The spatial extent of our study enabled us to ask whether topography interacted with the black-sand treatment to influence snowmelt timing. Topographic position index (TPI) at 15 m was positively correlated with later snowmelt in both control and advanced snowmelt plots (Fig. 3), corroborating research showing that topography influences snow depth and melt timing (Bueno de Mesquita et al. 2018; Östman 2018). Valleys likely accumulate more snow and may thus have higher soil moisture, influencing flowering phenology (Bueno de Mesquita et al. 2018). Our findings add further evidence that topographic heterogeneity influences the hydrology of alpine ecosystems (Grünewald et al. 2013). Improving our understanding of how topography influences snow accumulation and plant phenology is critical to predicting how climate change will impact alpine communities.

In isolating the effects of advanced snowmelt across a large area, our study did not attempt to incorporate multiple aspects of climate change. In particular, we note that our study did not address increases in temperature that are predicted to occur with climate change (Diaz et al. 2003). Warming impacts vegetative and reproductive phenology differently (Collins et al. 2021) and shortens flowering duration in tundra systems (Prevéy et al. 2019), and direct warming would likely have further accelerated snowmelt and altered our findings. In addition, we focused here on community-level visitation rates, rather than examining whether the composition of insect visitors differed between control and advanced snowmelt plots. Given that shifts in flowering phenology are known to alter the relative frequencies of interaction with different pollinators, affecting reproductive output (Rafferty and Ives 2012), such analyses would be valuable. Finally, we found that the site with earliest snowmelt experienced no effect of black-sand treatment on snowmelt timing, possibly due to its low total snow accumulation, suggesting that points on the landscape with less snow may respond differently to warming.

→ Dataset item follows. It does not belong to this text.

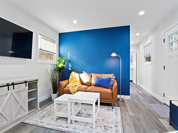 Welcome to our FULLY FURNISHED recently built 1 bedroom, 1 full bath house in a quiet tree-filled backyard. This spacious back house features a fully equipped kitchen, a deep soaking tub with shower, a secluded back patio with seating, and a dedicated workspace perfect for digital nomads or visiting professionals.

This study is the first to demonstrate that experimental advancement of snowmelt can fundamentally change the relationships among the biotic factors that influence plant-pollinator interactions. We provide evidence that under novel climate conditions, models fail to explain the rate of pollinator visitation, indicating that different variables, such as pollinator behavior and phenology, may be needed to predict plant-pollinator interaction rates in future climates. Further, our manipulation of snowmelt timing is, to our knowledge, the largest in extent that has been executed in an alpine system (Livensperger et al. 2006; Steltzer et al. 2009; Wipf et al. 2009; Cornelius et al. 2013; Petraglia et al. 2014; Sherwood et al. 2017; Frei and Henry 2021). By experimentally advancing snowmelt across this landscape, we gained novel insight into how climate change will differentially affect flowering phenology and alter mechanisms driving plant-pollinator interactions.